Alla base della strategia GTO c’è il concetto di balance, ovvero di equilibrio. Vuol dire che ogni mossa non è mai giusta di per sé nel caso specifico, ma dev’essere giusta perché bilanciata con la sua controparte.

Non è un concetto di immediata comprensione e infatti molti giocatori alle prime armi (e non…) continuano a snobbare la GTO proprio per il semplice motivo che non la capiscono. In un video dell’anno scorso, Doug Polk ha parlato del concetto di equilibrio e ha spiegato con parole semplici ma efficaci cosa significa giocate secondo GTO. Le riportiamo di seguito.

Doug Polk e il lancio della monetina

Se ti trovi di fronte a un push al river e non sai cosa fare, dovresti lanciare una monetina per decidere“, ha detto Polk. “Sembra una battuta ma non lo è.
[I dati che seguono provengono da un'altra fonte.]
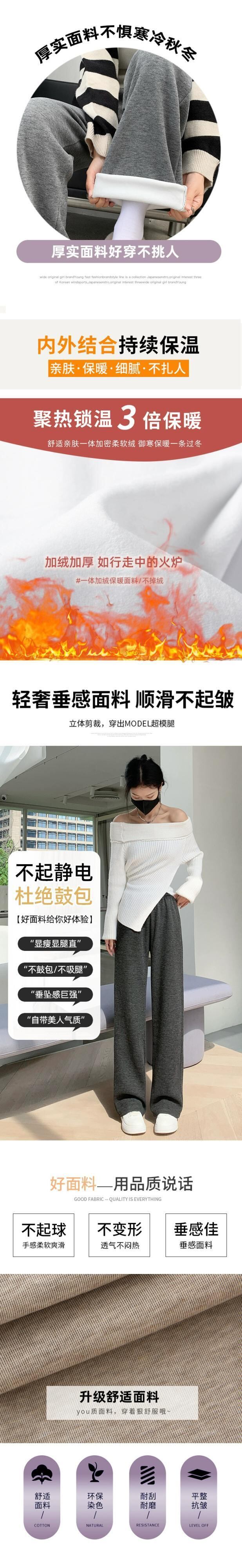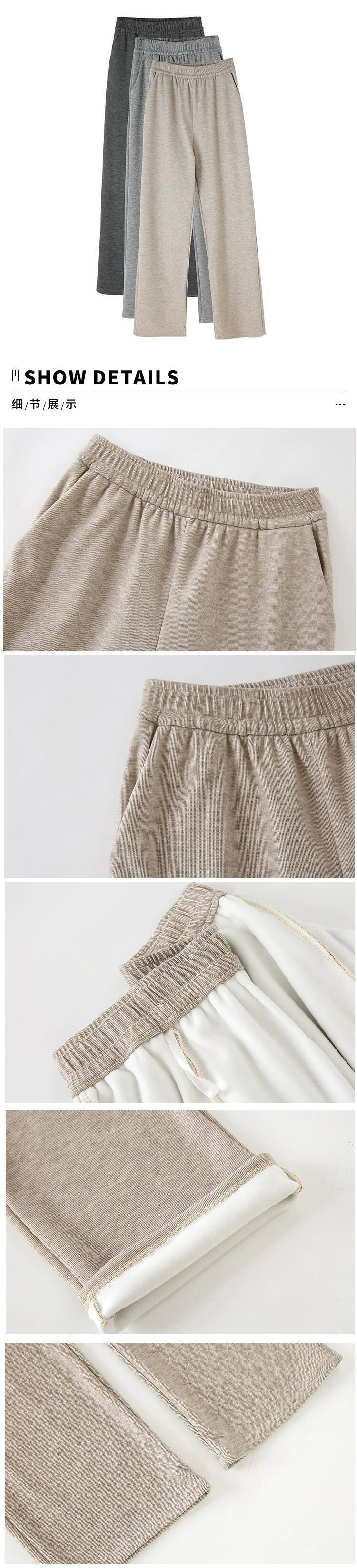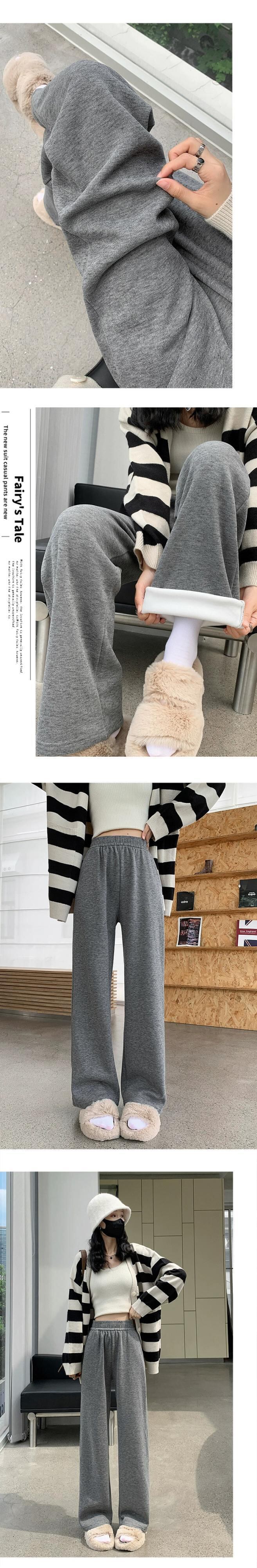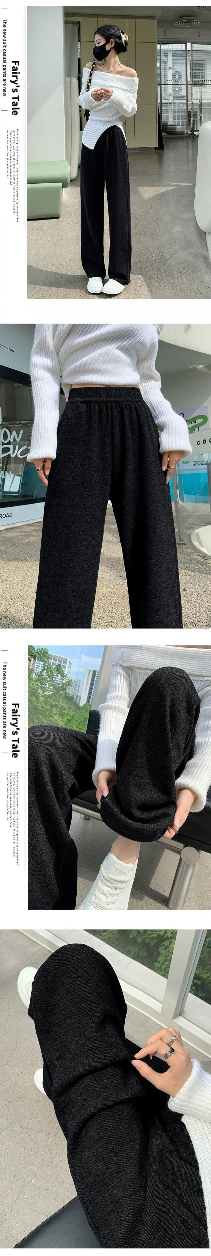 秋と冬の細いニットワイドレッグパンツの女性、ルーズ、ストレート、スリム、ハイウエスト、フロアレングス、ベルベットと厚みのあるカジュアルパンツ ウィンター 冬物 7460015434799147 | framboise21

In spot che sono molto difficili da decifrare devi preoccuparti della frequenza con cui chiamare o foldare per non essere exploitabile. E il modo migliore per deciderlo è affidandoti a un randomizzatore, come il lancio di una moneta”.

Quello del “randomizzatore” non è un concetto nuovo. È comparso per la prima volta nei libri di Dan Harrington (un precursore della GTO, come ha detto anche Dominik Nitsche) ed è stato trattato anche da Daniel Negreanu quando ha svelato che a volte Isaac Haxton prende decisioni al tavolo in base ai minuti dell’ora.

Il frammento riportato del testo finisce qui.